### [INPUT DATA]
▼

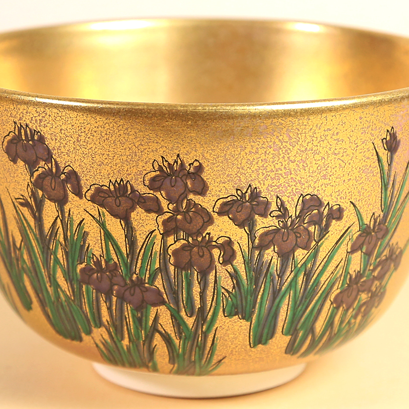 The bowl prominently features both front and back a display of Japanese iris (Iris laevigata or rabbit-ear iris ) inspired by the works of Ogata Kōrin (尾形光琳?, 1658 – June 2, 1716). Ogata, a member of the Rinpa School style of painting, often depicted groupings of blue-purple iris in a natural setting on decorative folding screens. His screens are classified as National Treasures in Japan.
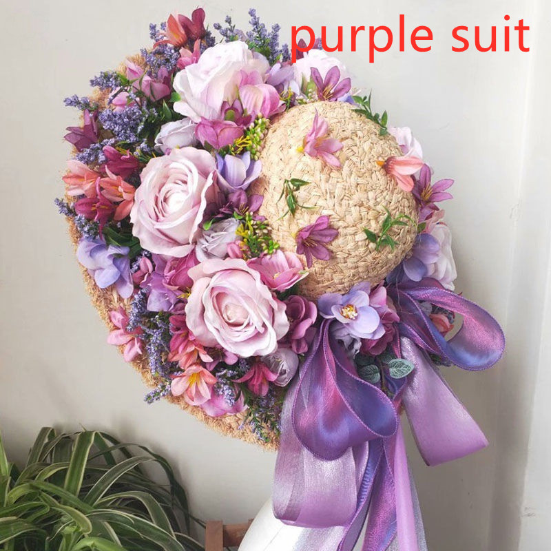 Style A: Natural Cap Purple Rose Wreath Ribbon Single Cap
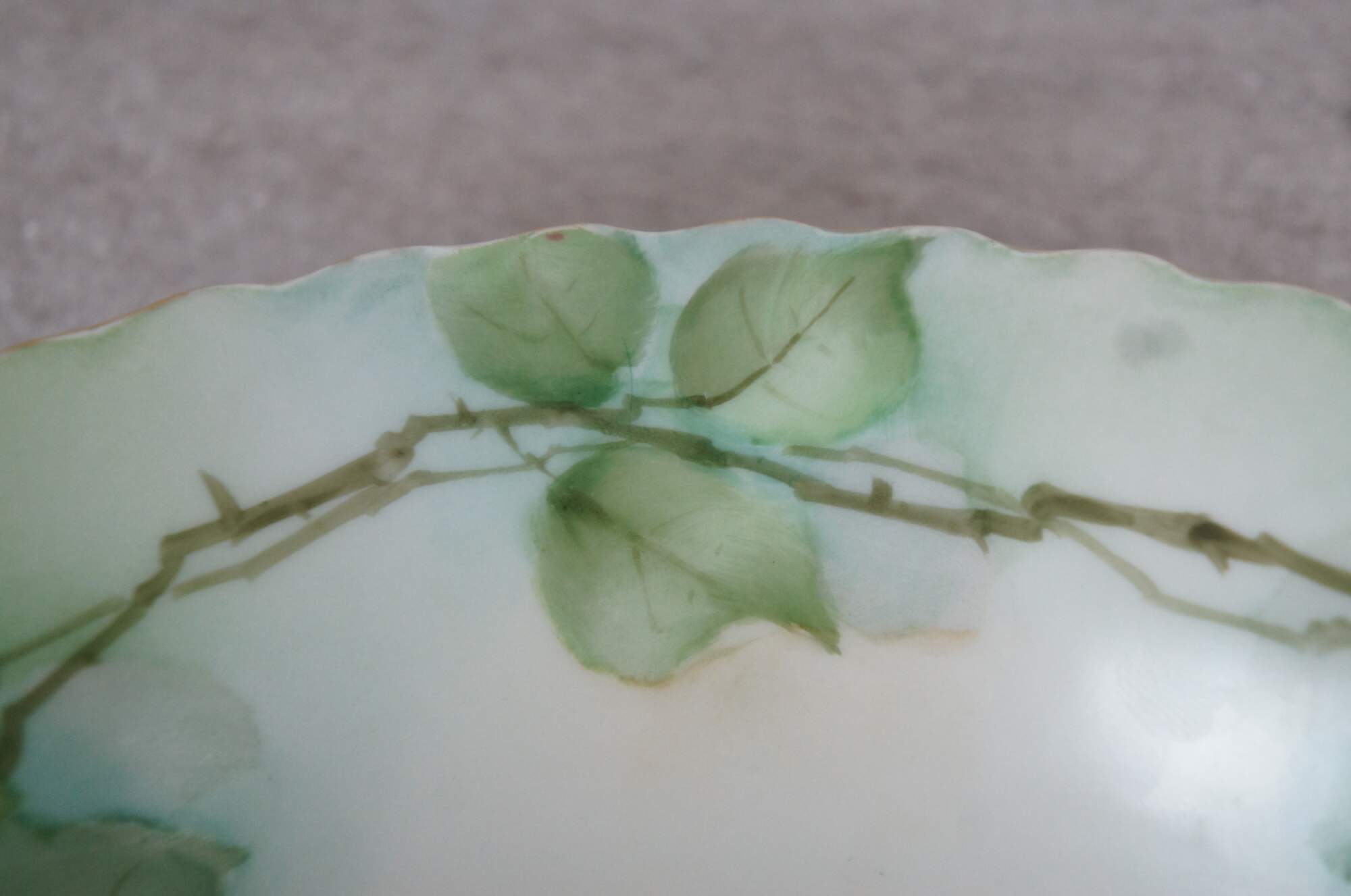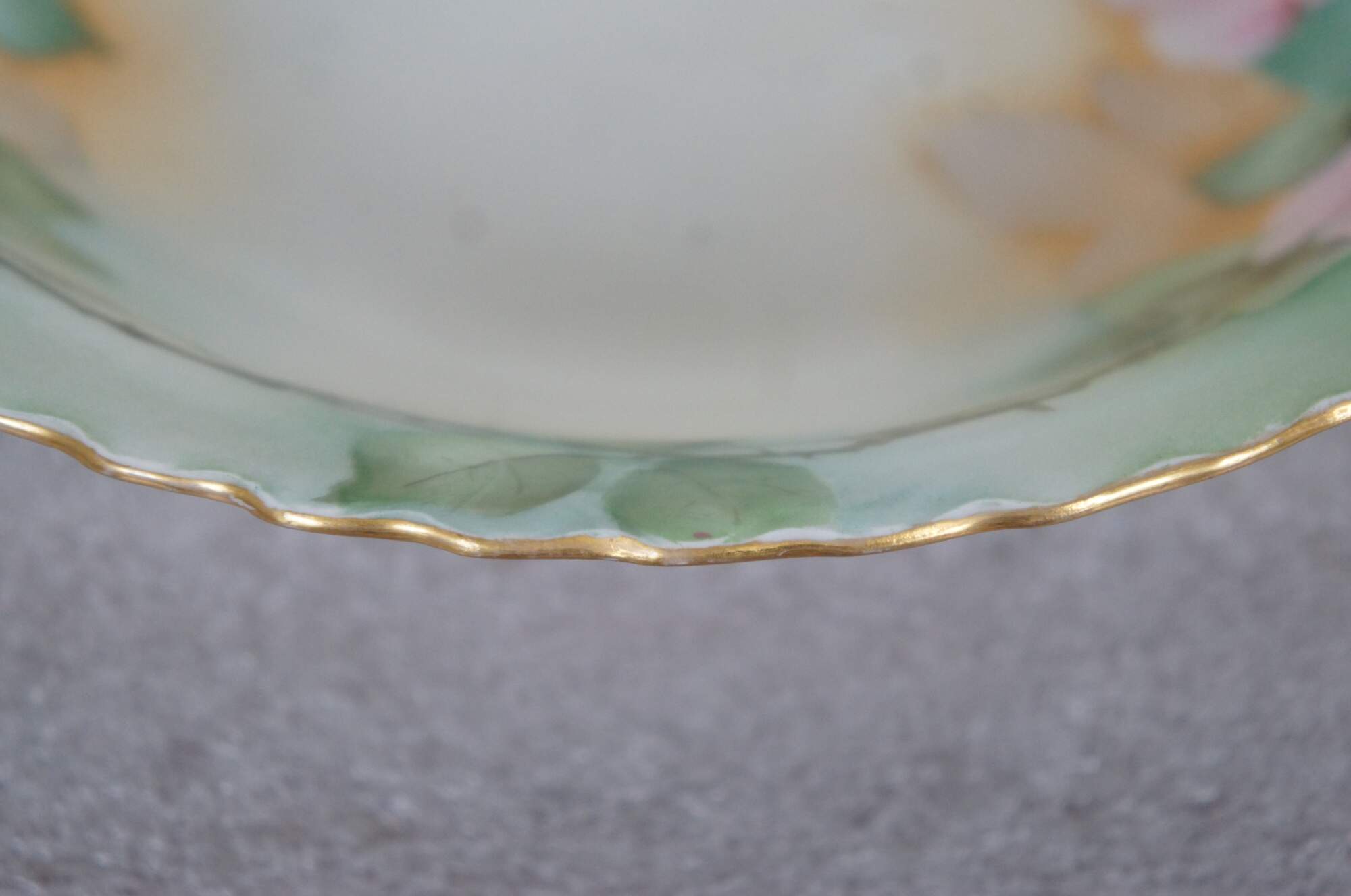 Early 20th century round porcelain serving bowl by O&EG Royal Austria. Hand painted green ombre with pink and yellow roses; gilded lightly scalloped rim. Mark used circa 1899-1918.

▲

### [TO DO]
Only the text of the material belongs in your copy, which must match the original exactly.

### [OUTPUT OF THE TASK]
 The bowl prominently features both front and back a display of Japanese iris (Iris laevigata or rabbit-ear iris ) inspired by the works of Ogata Kōrin (尾形光琳?, 1658 – June 2, 1716). Ogata, a member of the Rinpa School style of painting, often depicted groupings of blue-purple iris in a natural setting on decorative folding screens. His screens are classified as National Treasures in Japan.
 Style A: Natural Cap Purple Rose Wreath Ribbon Single Cap
 Early 20th century round porcelain serving bowl by O&EG Royal Austria. Hand painted green ombre with pink and yellow roses; gilded lightly scalloped rim. Mark used circa 1899-1918.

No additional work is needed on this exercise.